NEW YORK (Reuters) - Outspoken New York criminal defense attorney Lynne Stewart, now disbarred and incarcerated, lost a bid to reverse her 10-year prison sentence for helping a terrorism suspect smuggle messages to his followers from prison.
In a written opinion on Thursday, three judges at the 2nd U.S. Circuit Court of Appeals in New York expressed little sympathy for 72-year-old Stewart, who has struggled with breast cancer and whose supporters had argued the prison term amounted to a death sentence.
Stewart “has persisted in exhibiting what seems to be a stark inability to understand the seriousness of her crimes, the breadth and depth of the danger in which they placed the lives and safety of unknown innocents, and the extent to which they constituted an abuse of her trust and privilege as a member of the bar,” the 51-page opinion said.
Stewart, a long time human rights lawyer, was convicted by a Manhattan federal jury in July 2005 of helping her client, a blind Egyptian cleric who was a terrorism suspect, smuggle messages out of prison, a violation of the Special Administrative Measures (SAMs) governing his confinement. In 2006, she was sentenced to 28 months in prison.
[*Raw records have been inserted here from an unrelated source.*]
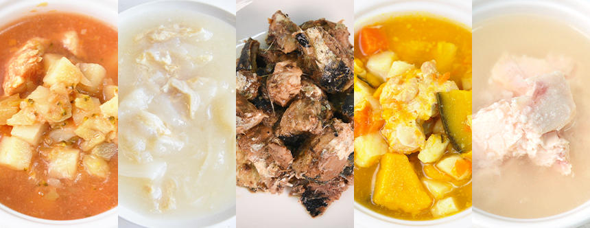 ひんやり冷たくしてもおいしい「鶏やげんレトルト」に、冷製スープとしても楽しめて水分補給も兼ねたスープ系3種、DHA、EPAも含み、イワシの香りが犬たちの食欲をそそる「サーディンオールイート」の計5種類のレトルトをセットにしました。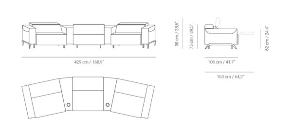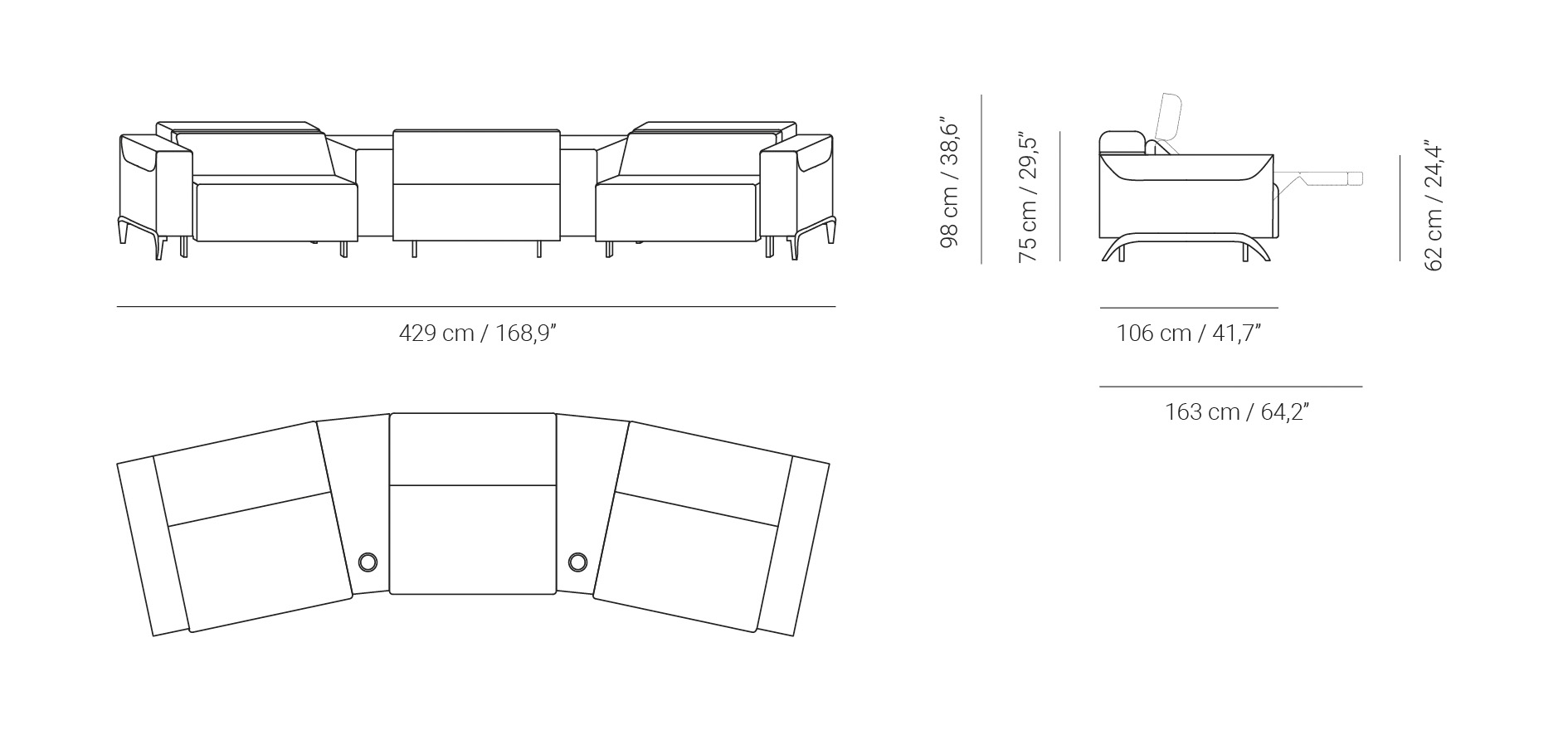 The Atlanta curved sofa with electric reclining mechanism is ideal for your home cinema room and also for your living room. Our Atlanta sectional recliner seating is considered part of our most contemporary collection, in line with current trends. A range of modular seating that offers design and comfort thanks to its electrical reclining system.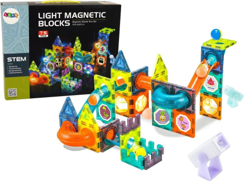 Leantoys Świecąca Zjeżdżalnia Dla Kulek Klocki Magnetyczne 75 Elementów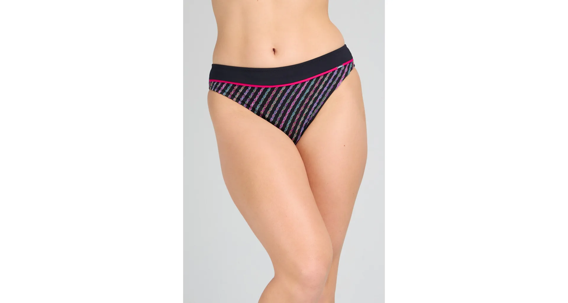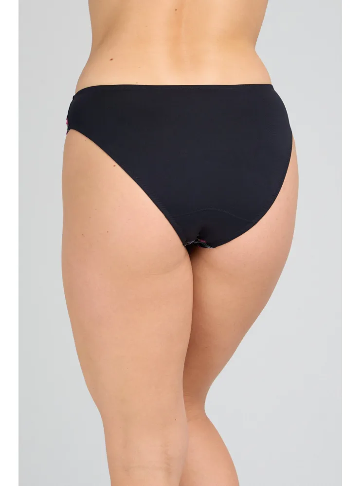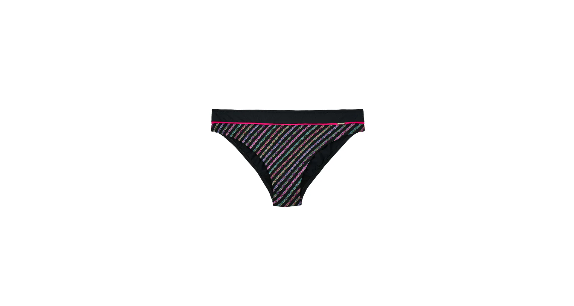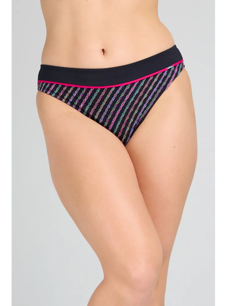 Plavkové nohavičky majú klasický strih, podčiarknu prirodzené ženské krivky a zaujmú farebným 3D vzorom na čiernom podklade. Horný čierny lem zdobí jemná ružová linka. plaviek Bliss.
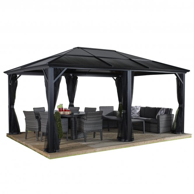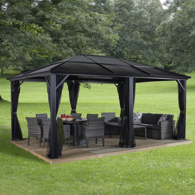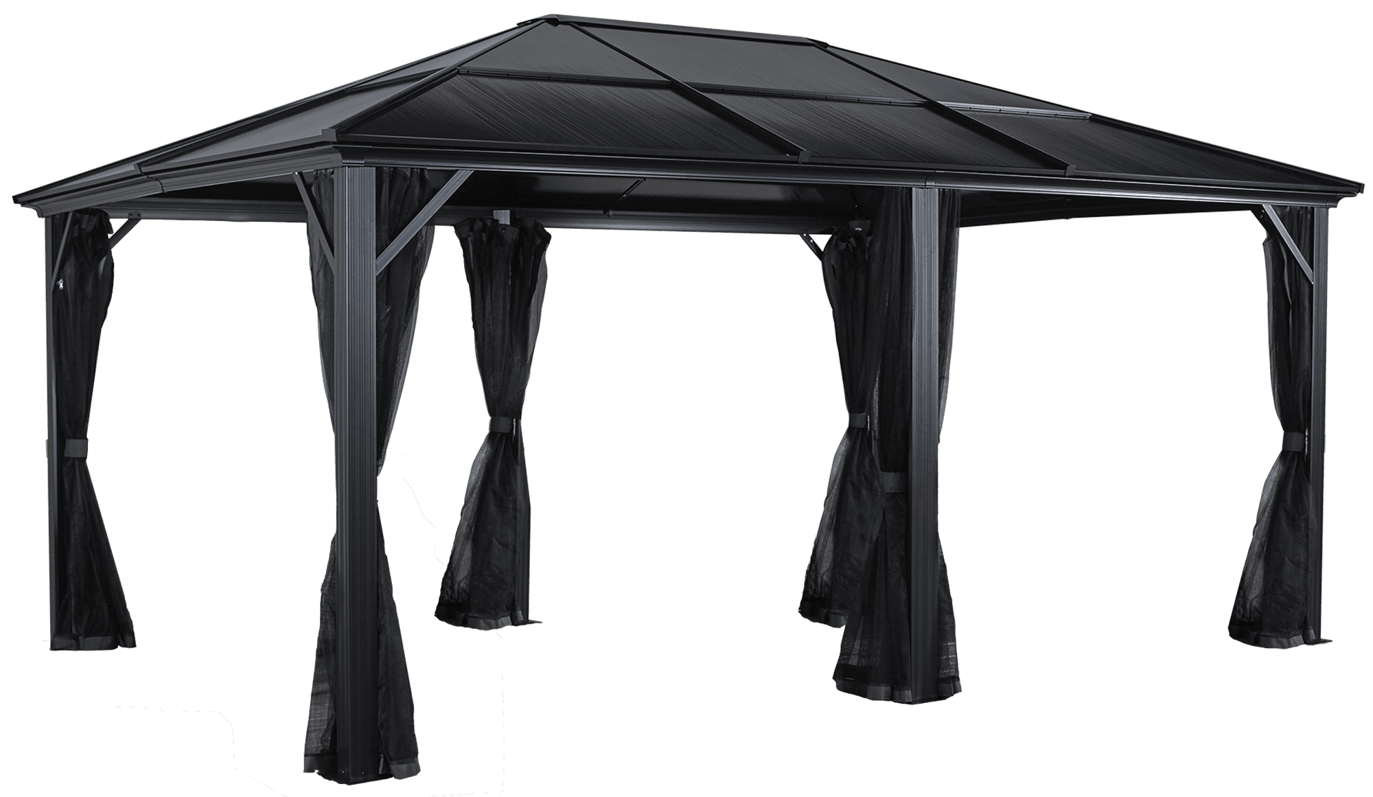 The Sojag Meridien 12’x16′ (3.7m x 4.9m) Aluminium Polycarbonate Gazebo is a blend of classic and modern gazebo design.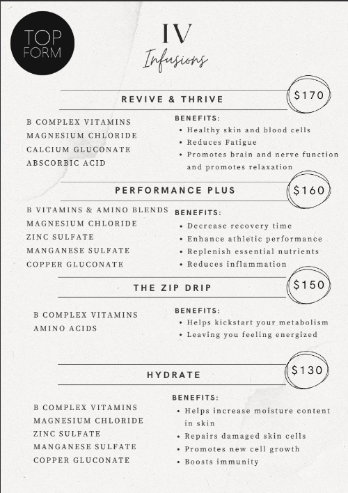 The IV Drip Therapy Experience at Top Form- Are you ready to Drip with Us?!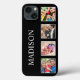 Erstellen Sie Ihre eigene personalisierte 4-Foto-Collage, Telefongehäuse mit Ihren individuellen Bildern auf einem einfachen, modernen schwarzen Hintergrund. Die Gehäuseseite zeigt auch Ihren Namen an. Fügen Sie Ihre Lieblings-Fotos, Designs oder Kunstwerke, um etwas wirklich Einzigartiges zu schaffen.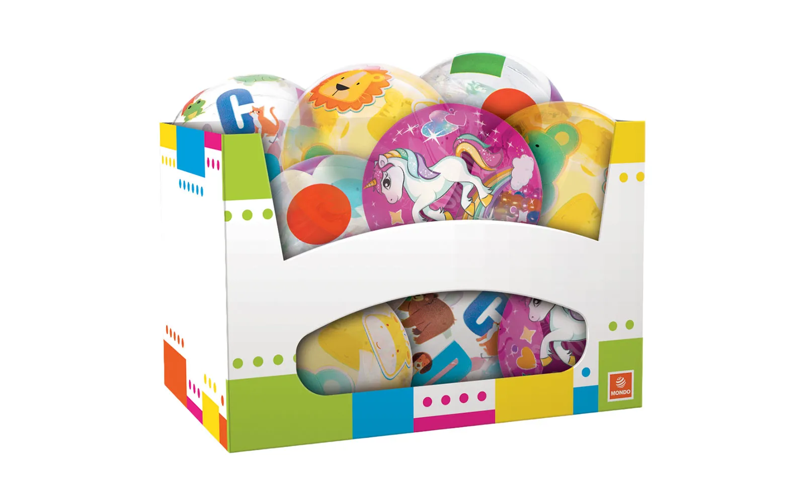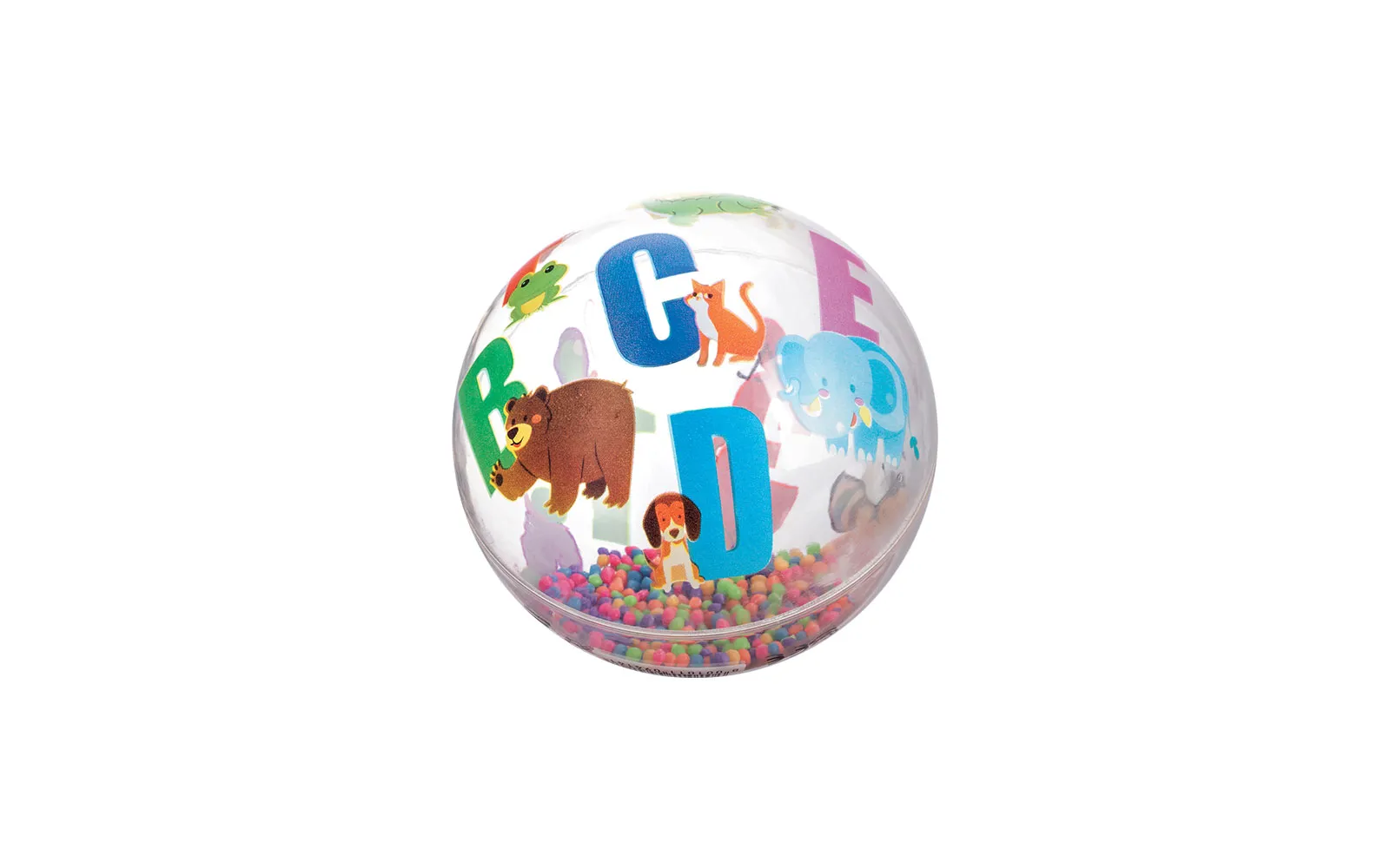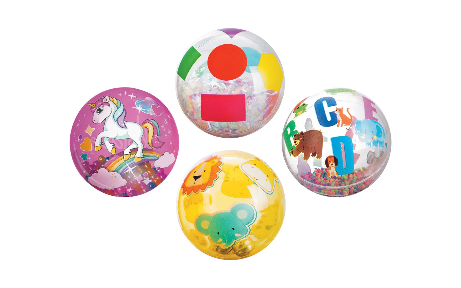 Senzična lopta promjera 10 cm. Lopta unutar može sadržavati na primjer konfete, kuglice ili perle. Dostupno je više različitih stilova.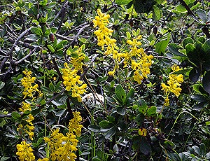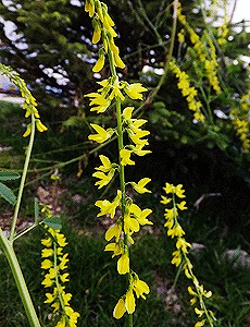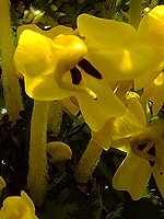 | 調べ中 梅里雪山ビューポイントホテルで(標高約3300m) 黄色いマメ科の花 しなだれていたので、手で支えながらパチリ 背丈60〜70cm程でヒョロヒョロしている 花の直径1cm程 |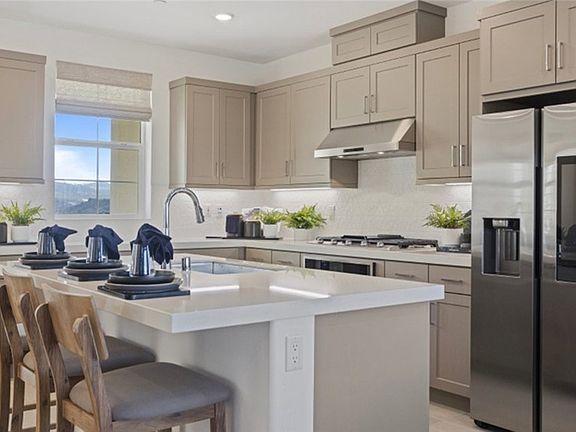 Brand new Lennar home located in the village of Rienda is Rancho Mission Viejo. Two bedroom both with ensuite baths + Flex Space (great for an office!). Gorgeous kitchen offers modern white shaker cabinetry, white quartz counter tops, stainless steel Samsung appliances including a Samsung smart refrigerator, breakfast bar with farmers sink. This open floor plan sits on a prime corner lot that provides an abundance of natural light. There is still time for the buyer to customize the flooring and kitchen backsplash. HOA offers an abundance of amenities including the 20,000 square foot lagoon pool, two gyms, farms, dog park, arcade, incredible Hilltop Club and the Rienda Plunge & clubhouse under construction within walking distance of the property. Enhanced Farmhouse exterior elevation. Completion September 2023.

In 2009, after a government appeal, a 2nd circuit panel sent the case back to U.S. District Judge John Koeltl for resentencing on the grounds that the original sentence was insufficient.
The same judges - John Walker, Guido Calabresi and Robert Sack - also issued Thursday’s opinion, and heard oral arguments in the case in February.
Herald Price Fahringer, an attorney for Stewart, said he would ask for the case to be heard again before the full appeals court and that the issues it presents may warrant review by the Supreme Court.
The opinion is a “terrible deterrent for people speaking out in public,” Fahringer said.
Fahringer had argued that comments Stewart made after her initial sentence was imposed should not have been used to increase her prison term, and that they should not have been taken as a clear-cut denial of remorse for her actions.
“Cobbling together scraps of First Amendment doctrine and dicta for support, she (Stewart) contends that she was punished for what she said, and that such punishment runs afoul of the First Amendment,” said the opinion, written by Judge Sack.
After the October 2006 sentencing, Stewart, standing on the courthouse steps, said that she could serve the 28-month sentence “standing on my head.” The government also cited two other comments she made in interviews after the sentencing.
But the appellate judges praised Judge Koeltl’s reasoning in quadrupling Stewart’s sentence.
By taking the statements into account, Koeltl was “determining the characteristics of the defendant, which were legally relevant to a determination of the appropriate sentence to impose on Stewart, through the contents of statements she voluntarily and publicly made.”
The opinion brushed aside any notion that her sentence would have a “chilling effect” on free speech, and said the government can, in some circumstances, use what people say in public against them.
Nevertheless, the opinion said it was important to “again emphasize” that courts cannot just use any protected speech in fashioning a prison sentence. The speech must, for example, be related to “specific criminal wrongdoing.”
The appeals court also said Koeltl had not punished Stewart for her political beliefs.
Stewart was convicted for helping her client, Sheikh Omar Abdel-Rahman, contact the Islamic Group in Egypt.
The Islamic Group is listed by the U.S. government as a terrorist organization. Abdel-Rahman was convicted in 1995 of conspiring to attack the United Nations and other New York City landmarks, following the 1993 World Trade Center truck bombing.
Stewart is serving her sentence at the Federal Medical Center prison in Fort Worth, Texas.